In short, unequal healthy food access is a problem with multiple dimensions. Effective solutions will need to address all of them—and to ensure that these solutions are as just and reality-based as possible, it’s important that community voices play a leading role in framing them.

Fairness for food workers

Over 20 million people work in the US food system – that’s about one-eighth of the US labor force. Compared to workers in other sectors, food workers are more likely to be underpaid, to lack health insurance and other benefits, and to face unsafe, unhealthy or exploitative working conditions. According to a 2016 report by the Food Chain Workers Alliance, 8 of the 10 worst-paying jobs in the US are food system jobs. Abuses such as wage theft, sexual harassment and workplace violence are common, and food workers have few legal protections if they speak out.

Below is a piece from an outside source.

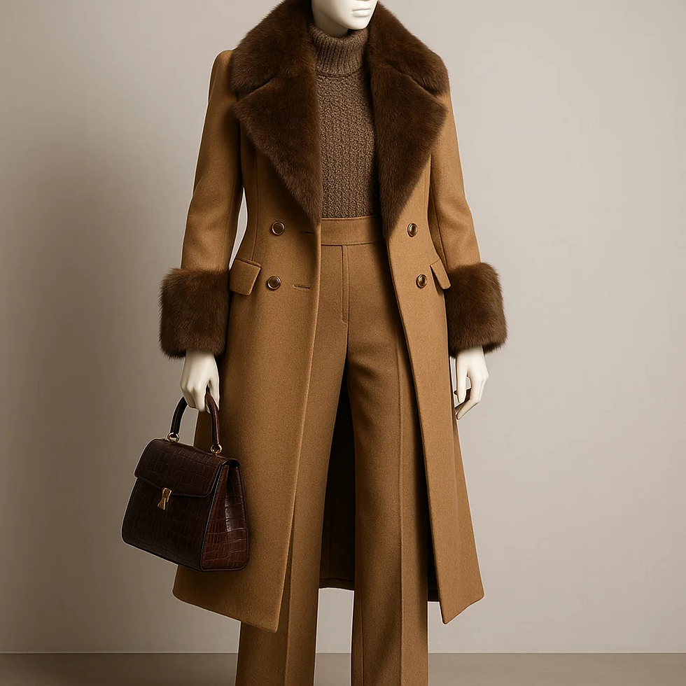 全体像:キャメルのロングコート(ふっくらリッチなファー襟&カフ)に、同系キャメルのハイウエストスラックスとモカの畝タートル。バッグはチョコブラウンの型押しレザー。ワントーンでまとめた“ラグジュアリー・ウィンター”。

Activist organizations such as the Coalition of Immokalee Workers (CIW) are standing up to demand fair wages and an end to abusive working conditions in the food industry. As consumers, we can stand with these efforts by educating ourselves and voting with our wallets for fair treatment of food workers, with the help of innovative labeling initiatives like CIW’s Fair Food Program.

The importance of ownership

One of the most effective ways to disempower a community is to exclude it from ownership of land, businesses, and other resources. A 2019 study from Portland State University shows that Black, Latinx and Native American people are grossly underrepresented among the nation’s farm owner-operators. This disparity has its roots in the theft of land from Native communities and its transfer to white settlers, reinforced over the years by discriminatory ownership laws, separate-and-unequal support for land-grant universities serving different racial communities, and other manifestations of structural racism.